Exclude images; transcribe the rest of the data exactly.

(Stored data Opens)

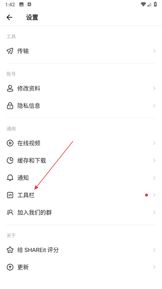 3、在設(shè)置頁(yè)面,點(diǎn)擊工具欄選項(xiàng),進(jìn)入工具欄頁(yè)面。
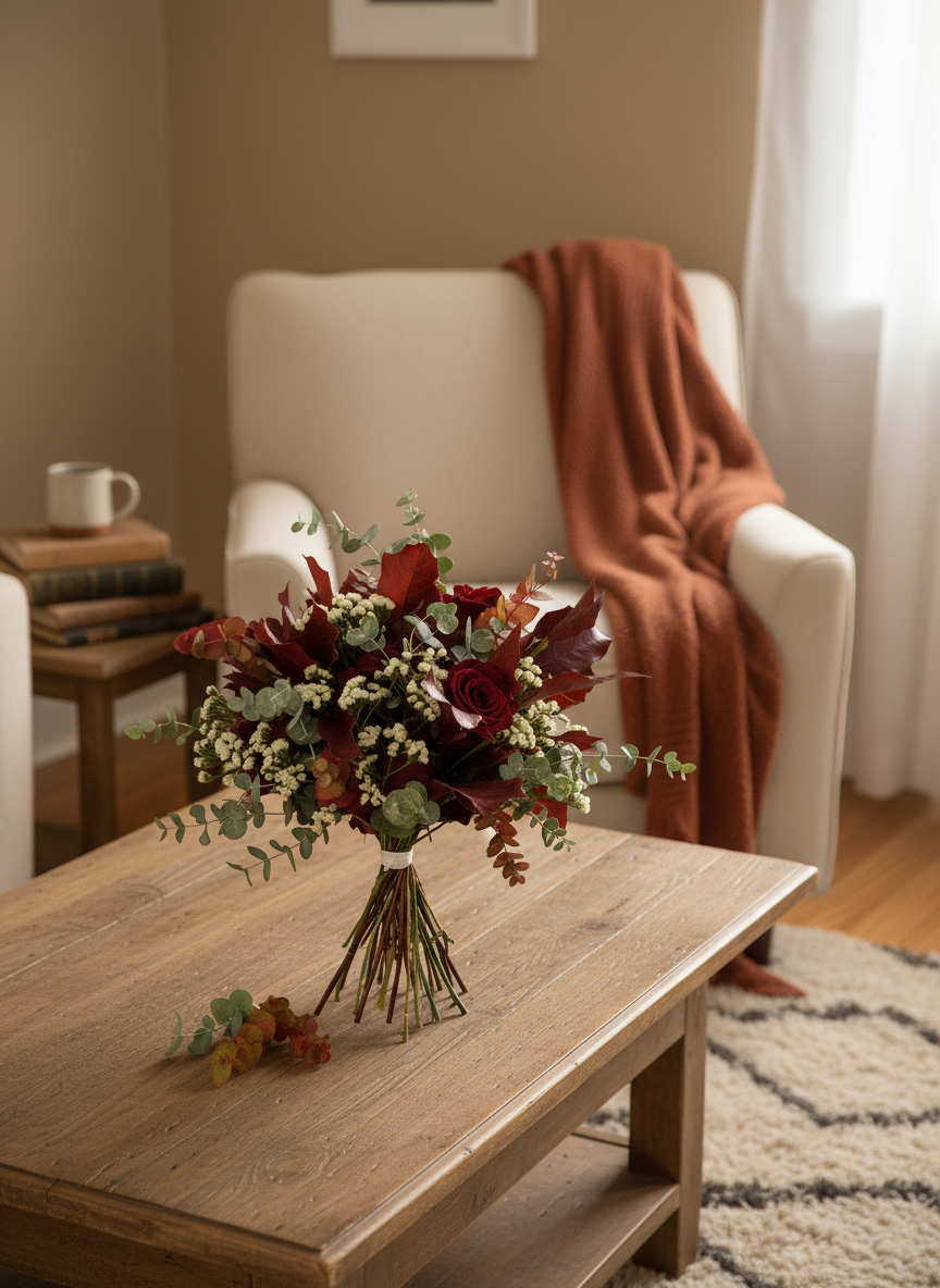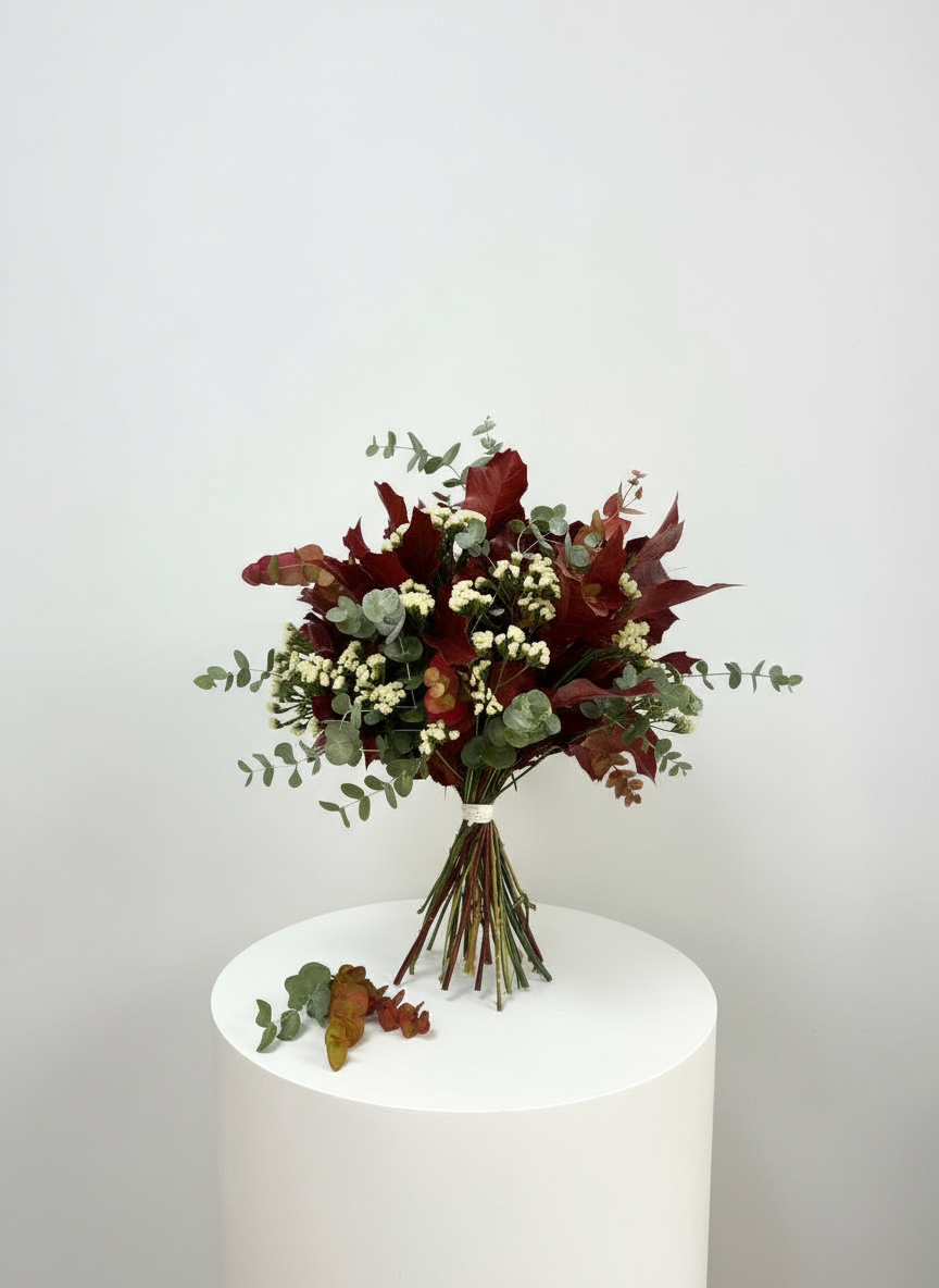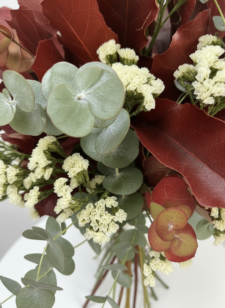 El Ramo Cálido de Florela captura la esencia de la estación con una armoniosa combinación de hojas de roble burdeos, eucalipto y flor seca en tono marfil.
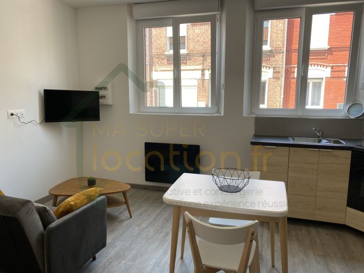 Appartement deux pièces comprenant une pièce de vie, une cuisine aménagée, une chambre, sde et wc.
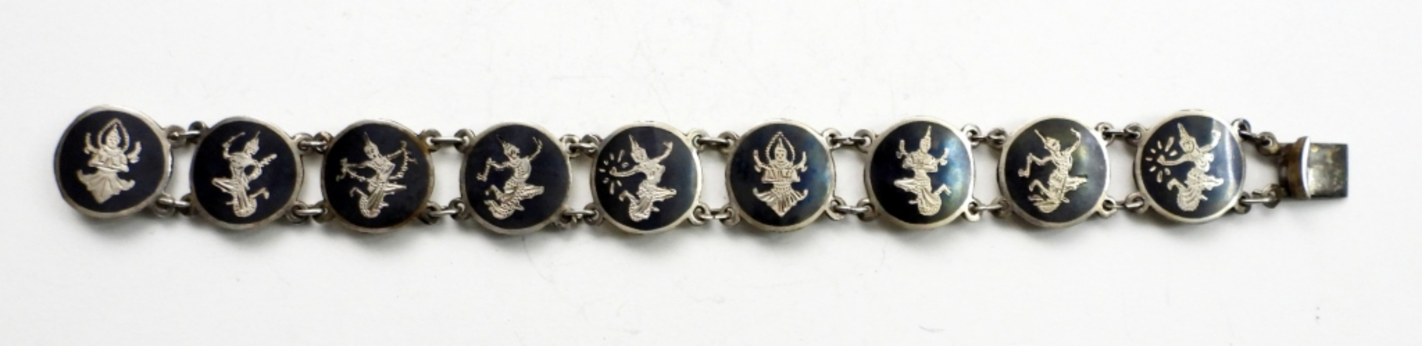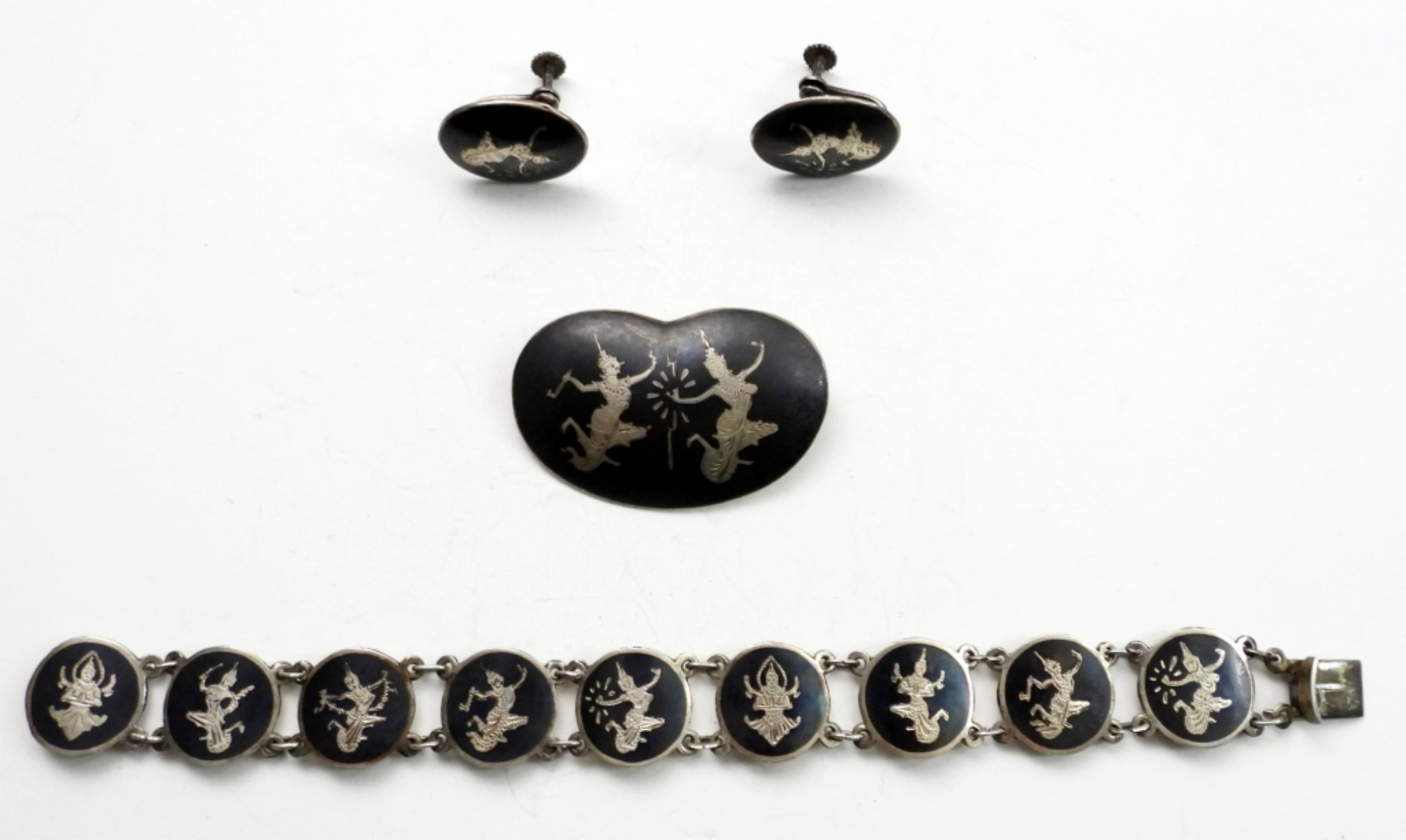 Vintage Siam Sterling-Black. Bracelet 7.5″. Screw Back Earrings and a Pendant. 23.7 DWT

(Stored data Closes)

* Task solution
 3、在設(shè)置頁(yè)面,點(diǎn)擊工具欄選項(xiàng),進(jìn)入工具欄頁(yè)面。
 El Ramo Cálido de Florela captura la esencia de la estación con una armoniosa combinación de hojas de roble burdeos, eucalipto y flor seca en tono marfil.
 Appartement deux pièces comprenant une pièce de vie, une cuisine aménagée, une chambre, sde et wc.
 Vintage Siam Sterling-Black. Bracelet 7.5″. Screw Back Earrings and a Pendant. 23.7 DWT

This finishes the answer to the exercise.